On this day: Battle with Storm Force, 23 January 1988
On this day, 23 January 1988 … the last standalone edition of Battle disappeared from the shelves of British newsagents*. Battle had served an impressive tour of duty lasting nearly thirteen years, but now its masthead, Johnny Red, the paramilitaries of Storm Force and further reprints of Pat Mills’ and Joe Colquhoun’s Charley’s War were off to join Dan Dare and Doomlord in Eagle – essentially IPC’s last adventure comic standing.

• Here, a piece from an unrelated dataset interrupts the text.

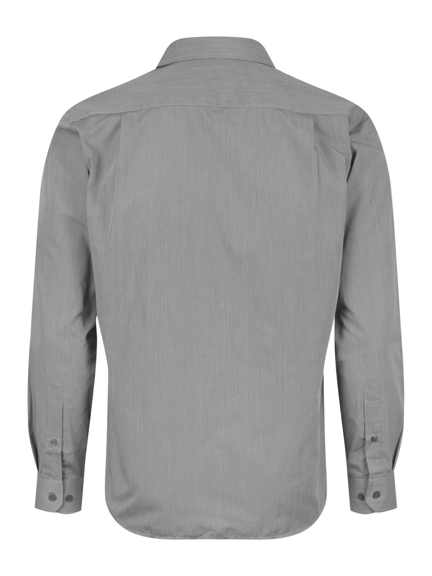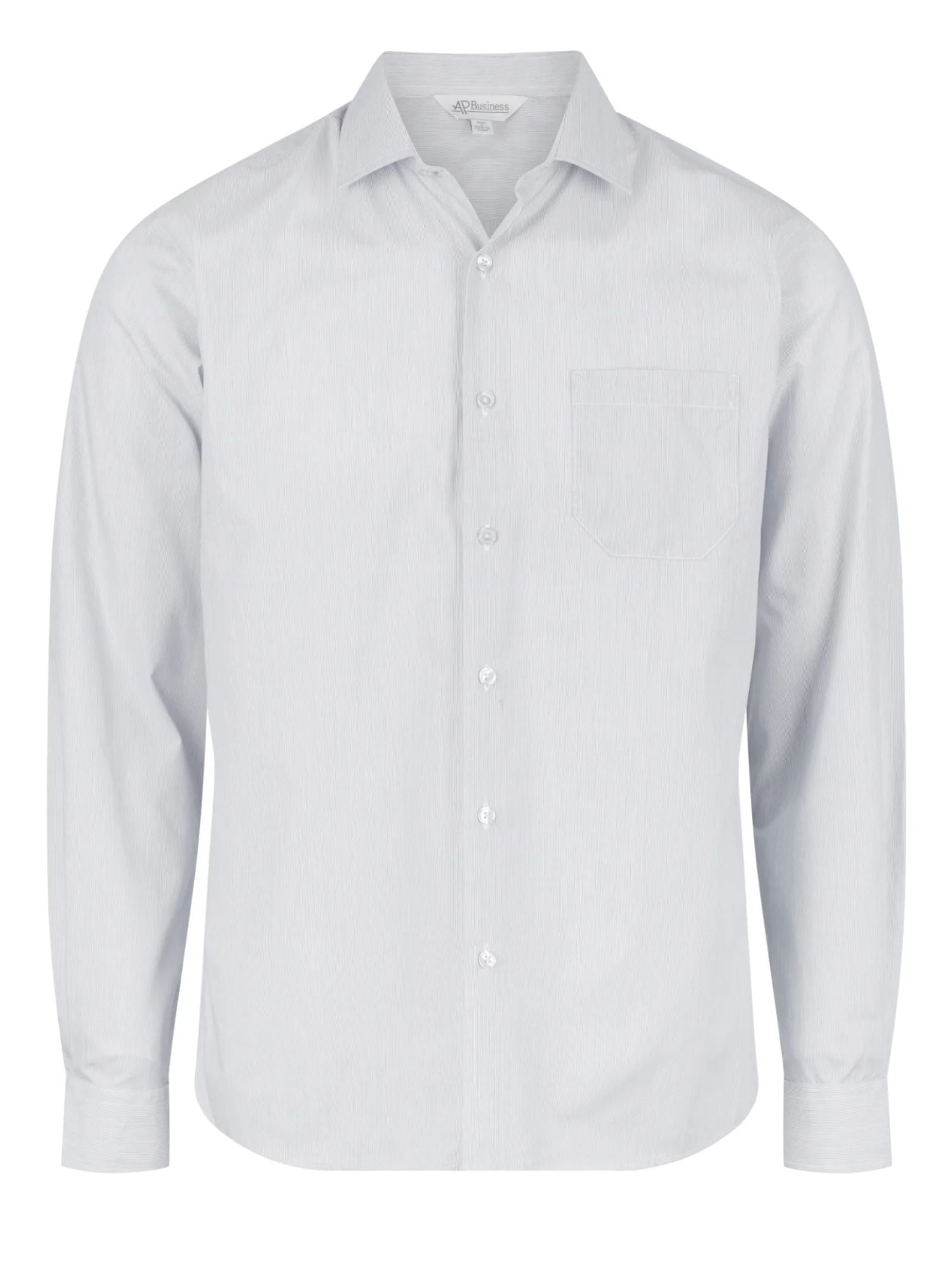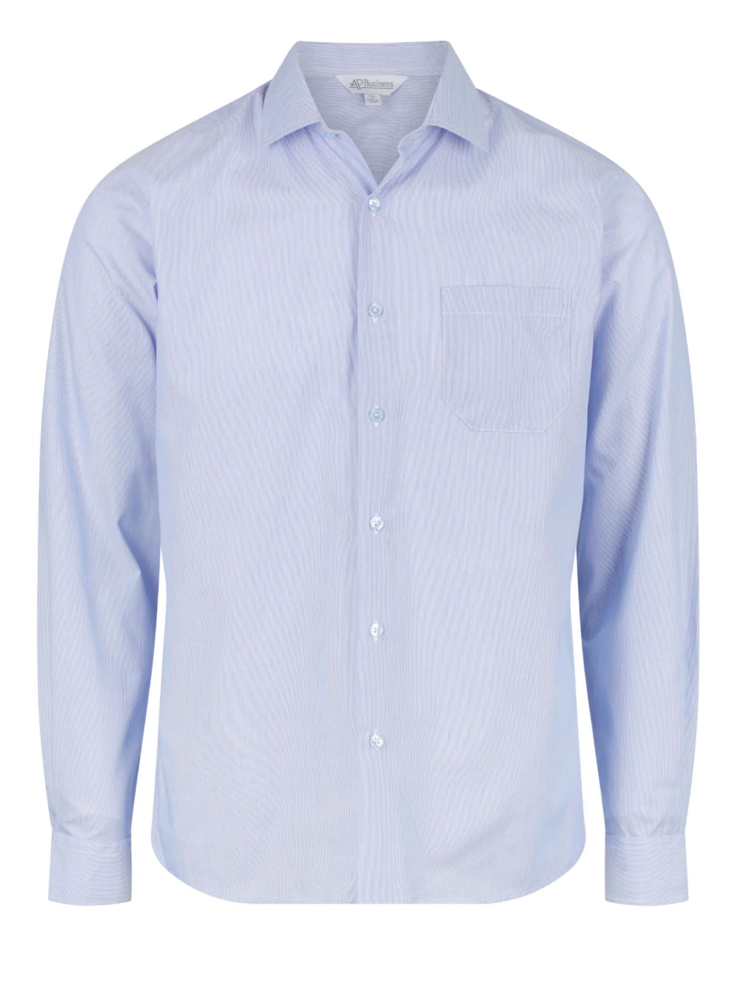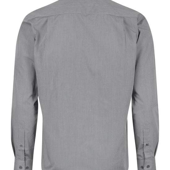 A top-stitched collar and cuffs and an angled edge corner on the cuff and the pocket.

It’s often said that war comics, and comics in which war featured heavily, such as Battle, Action and Valiant, and DC Thomson’s Victor and Warlord, proved successful in the 1960s and 1970s because they were published for kids for whom the Second World War was only one generation in the past, its veterans still many among us. By the mid- to late-1980s, it was a less significant part of children’s cultural awareness; ‘war’ was starting to mean something very different to Cold War kids. This may be one of the reasons for Battle’s eventual decline. A decline in the juvenile comics market in general must have been signifcant also, and in this excellent article for The Quietus Steve Earles suggests that a turning-point for Battle was its dalliance with toy tie-in strips during its Action Force era: 'You now had the shameful situation of creators, some of whom had actually been in the army, trying to breath life into stories based on moulded plastic.' The article is also worth reading for a great Pat Mills interview in which he discusses Battle, Dave Hunt, Gerry Finley-Day and Joe Colquhoun.
*All of my ‘On this day’ posts are based on the date printed on each comic’s cover, which is the off-sale date rather than the date of publication.